In an article for the Oxford University business law blog Bobby Reddy, a former partner at law firm Latham and Watkins, argues that the UK stewardship code risks losing the battle to remain relevant unless it can increase levels of engagement from investment managers that is aimed at individual companies rather than taking a holistic view of markets.
Reddy suggests that the code is like the “emperor’s new clothes” in that many observers have concluded that it’s “soft law” approach to engagement is not working. He claims that the only “issuer-specific” engagement likely to happen under the code is from hedge funds, or activist investors. Other investors are unlikely to do so at a scale that would make a difference.
Criticism of the revised code
The code came about following the Walker Review of 2009, in the wake of the financial crisis, and was heavily criticised by the Kingman Review in 2018 which concluded it was “not effective” and should be abolished unless it shifted its emphasis from “boilerplate reporting”.
A revised code was published last year by the Financial Reporting Council with a new emphasis on investment managers reporting the outcome of their stewardship activities rather than on their policies.
Reddy argues this has not changed the nature of engagement and that the code remains a failing document.
“The traditional forms of engagement coveted by the Walker and Kingman reviews will only proliferate if institutional investors are placed under mandatory legal or regulatory impositions (rather than the voluntary soft-law encouragement of the 2020 code) such that all institutional investors are required to engage,” Reddy writes, though he concedes it is “difficult to envisage” how this might operate or be enforced.
Since activist investors are the only investment managers likely to engage directly with a company over governance issues, other institutional investors should report on the circumstances in which they would support activists. Reddy also proposes institutional investors disclose the way “systemic and market-wide risks” appear in their “real-world engagement”.

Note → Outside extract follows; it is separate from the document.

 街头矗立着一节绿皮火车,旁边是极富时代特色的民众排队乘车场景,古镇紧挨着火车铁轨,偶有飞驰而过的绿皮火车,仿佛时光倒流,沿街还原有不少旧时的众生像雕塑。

Investors and governance standards
Reddy’s article comes as another entry in a debate about the role investors should play in maintaining standards of corporate governance among companies. The issue was a significant discussion in the wake of 2008 financial crisis but has gained traction again as companies and investment funds grapple with the problems underlying the climate crisis.

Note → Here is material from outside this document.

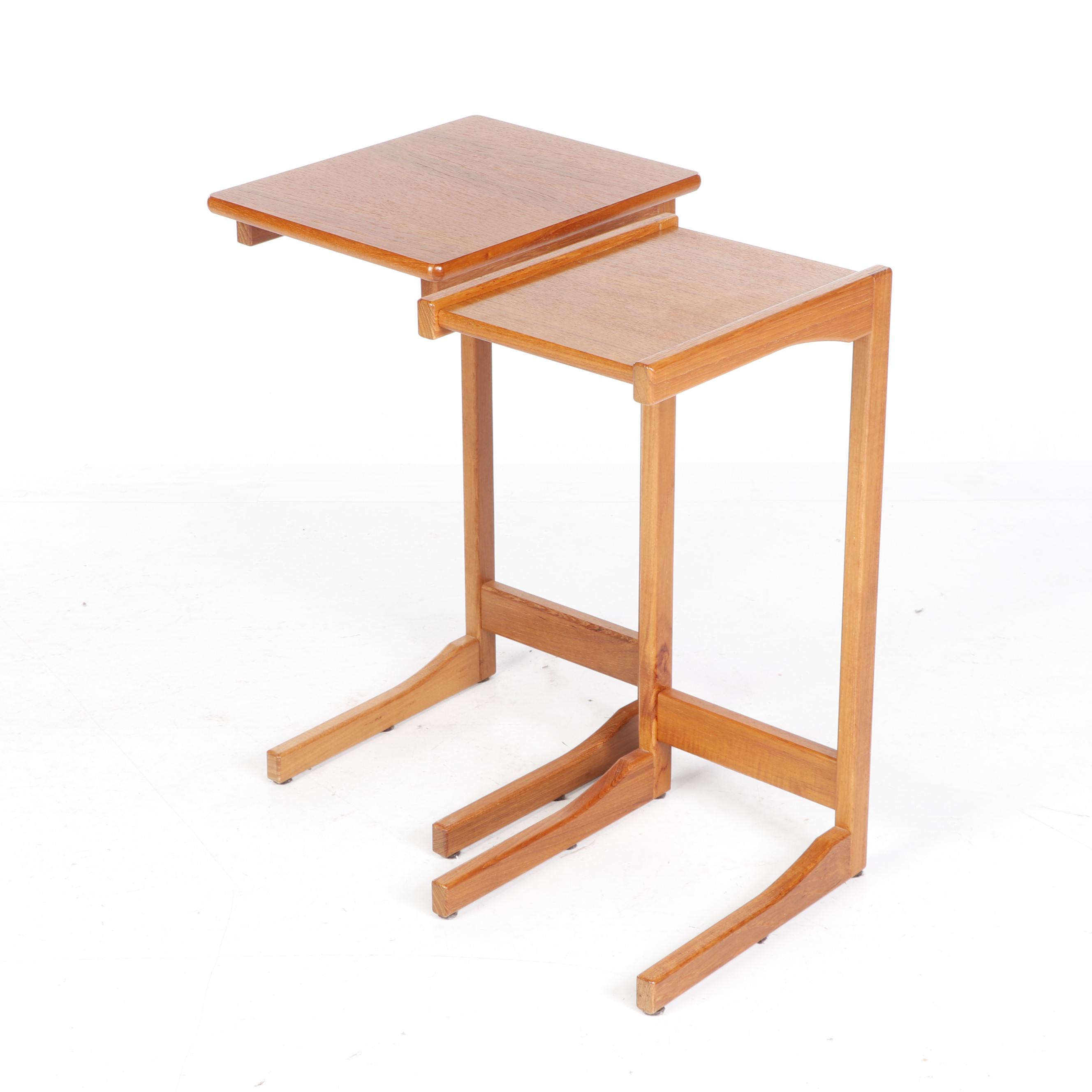 A wooden table with a broken leg is placed on a white background. | Pair of Small Danish Modern Wooden Cantilever Side Tables | 31369c71b2b04478703fe15d9d776f22e465bdd9d199b8b42a3a9cf9ed6615f0 | 000720950808 | 0 | 0 | 13 | 9 | 0 | 0 | |

Last week, the current UK stewardship code received a qualified vote of confidence from the government in its consultation paper proposing reforms to audit firms and the audit market. According to the white paper the revised code “represents a significant shift that sets higher standards”.
However, the government promised to consider new powers to “promote” compliance with the code once its impact has been reviewed in 2023. That appears to chime with Reddy’s view.
Reddy is concerned about the kind of contact investors have with companies. Is it direct and specific, or at arms length and generic? His views suggest greater pressure is needed on investment institutions to come to terms with a deeper engagement role. One thing is for sure: with a review of the UK stewardship code on the horizon, it remains an unresolved issue.